Grundschule in Berlin (Archivfoto, 2013)


Deutschland hat enormen Bedarf an Investitionen in Infrastruktur: Straßen müssen gebaut oder erneuert, ältere Schulen und andere öffentliche Gebäude saniert werden. Schätzungen beziffern den Investitionsstau von Städten und Gemeinden auf 136 Milliarden Euro.

Der von Finanzminister Wolfgang Schäuble dafür aufgelegte kommunale Investitionsfonds nimmt sich dagegen mit einem Volumen von 3,5 Milliarden Euro bescheiden aus. Doch auch diese Mittel wurden bislang offenbar kaum abgerufen. Das berichtet das "Handelsblatt" unter Verweis auf Berichte des Bundesfinanzministeriums. Städte und Gemeinden haben demnach gerade einmal 38,8 Millionen Euro angefordert, das entspricht rund einem Prozent des Fondsvolumens.

Das Problem besteht offenbar auch in anderen Bereichen: Von 230 Millionen Euro für den Kita-Ausbau wurden laut "Handelsblatt" bislang 110 Millionen Euro abgerufen, von 154 Millionen Euro für den Ausbau besonders schneller Internetverbindungen sogar nur 1,4 Millionen Euro.

Grund seien mangelnde Kapazitäten in der Verwaltung bei Städten und Gemeinden, schreibt die Zeitung.
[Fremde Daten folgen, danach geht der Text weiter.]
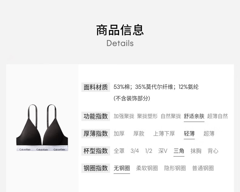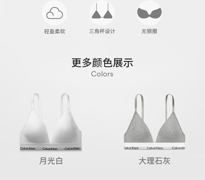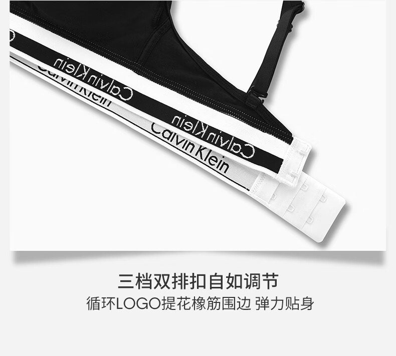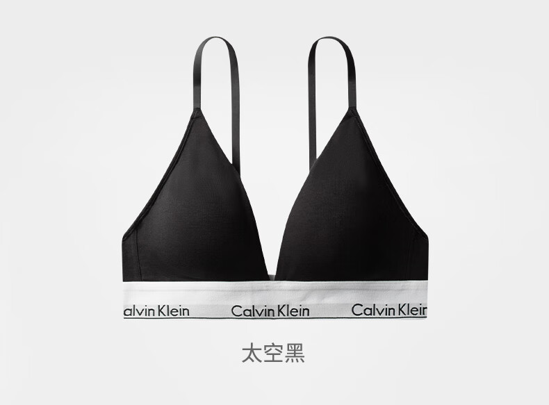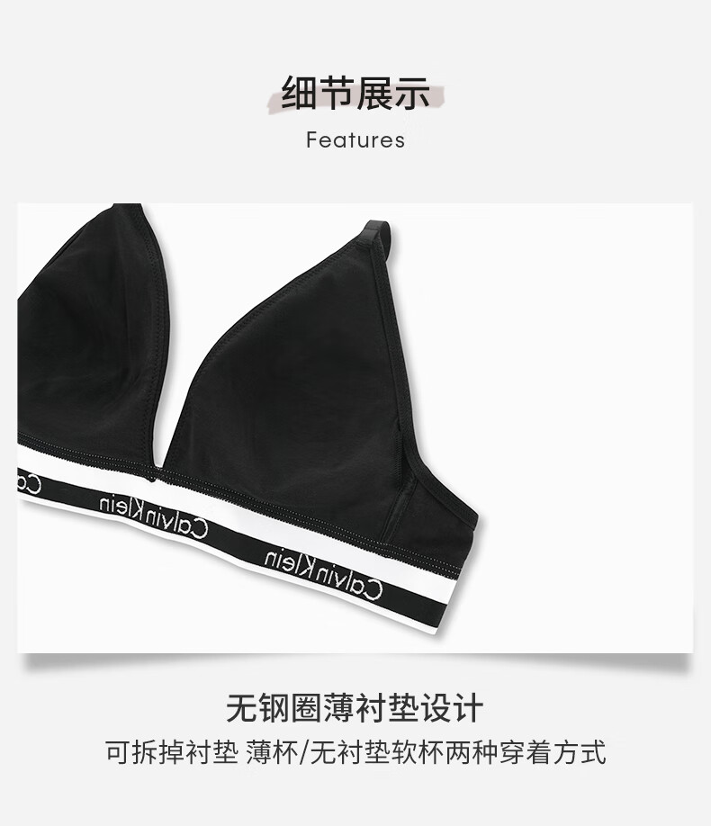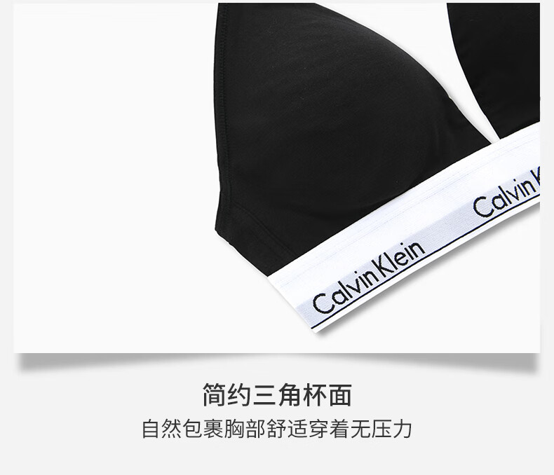 Calvin Klein内衣【明星同款摩登引力带】女士ck无钢圈软支撑可拆垫三角杯文胸 PCS-黑底字母 M
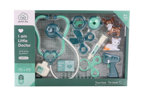 Sada veterinář s pejskem a kočičkou. Materiál plast. Obsahuje teploměr na baterie, které jsou součástí balení. Rozměry balení 41,5x28x5 cm. Věk 3+ przeczytaj całość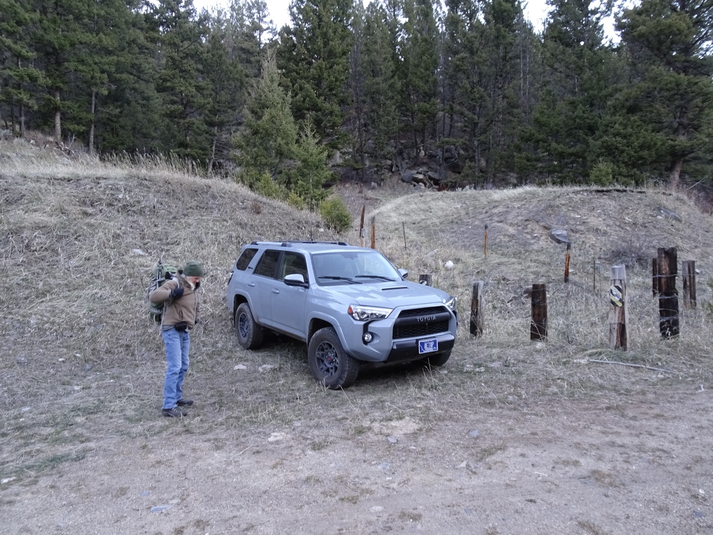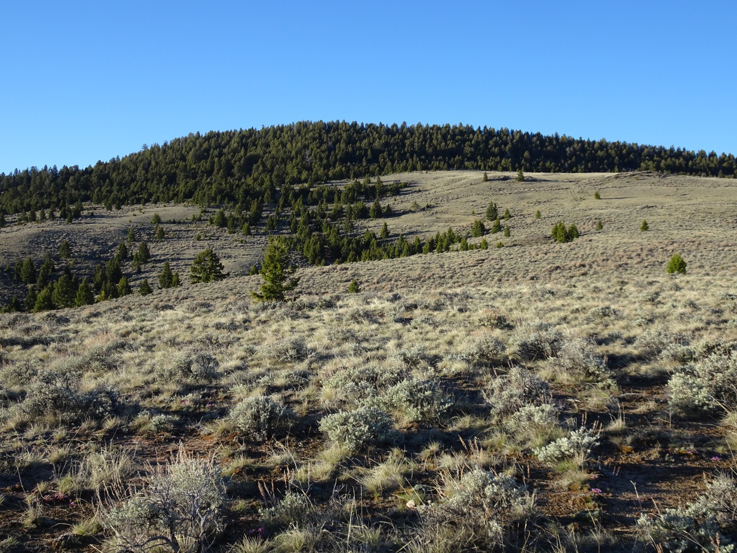 From the parking area, walk about 100-yards up (east) the gravel road and then follow the obvious path that heads up (north) the drainage between W7M/BR-155 & W7M/BR-150. Follow the path up the drainage & then turn left (west) off-trail and head towards the summit. There is a broad valley that you can either cross directly, or contour around. You will cross the Spring Creek “road”. This road shows up on Google Maps, but I don’t know whether it is accessible for motorized use. I am pretty sure there is no access from the Moose Creek end, but it may be worthwhile to investigate whether there is access at the northwest end of the road where it passes under the Interstate.

Zu den Verzögerungen bei den Beantragungen sei es gekommen, "weil sich die technischen Ämter in den Städten vor allem im Jahr 2015 sehr stark um die Unterbringung von Flüchtlingen kümmern mussten", sagte der Hauptgeschäftsführer des Deutschen Städtetags Helmut Dedy dem "Handelsblatt".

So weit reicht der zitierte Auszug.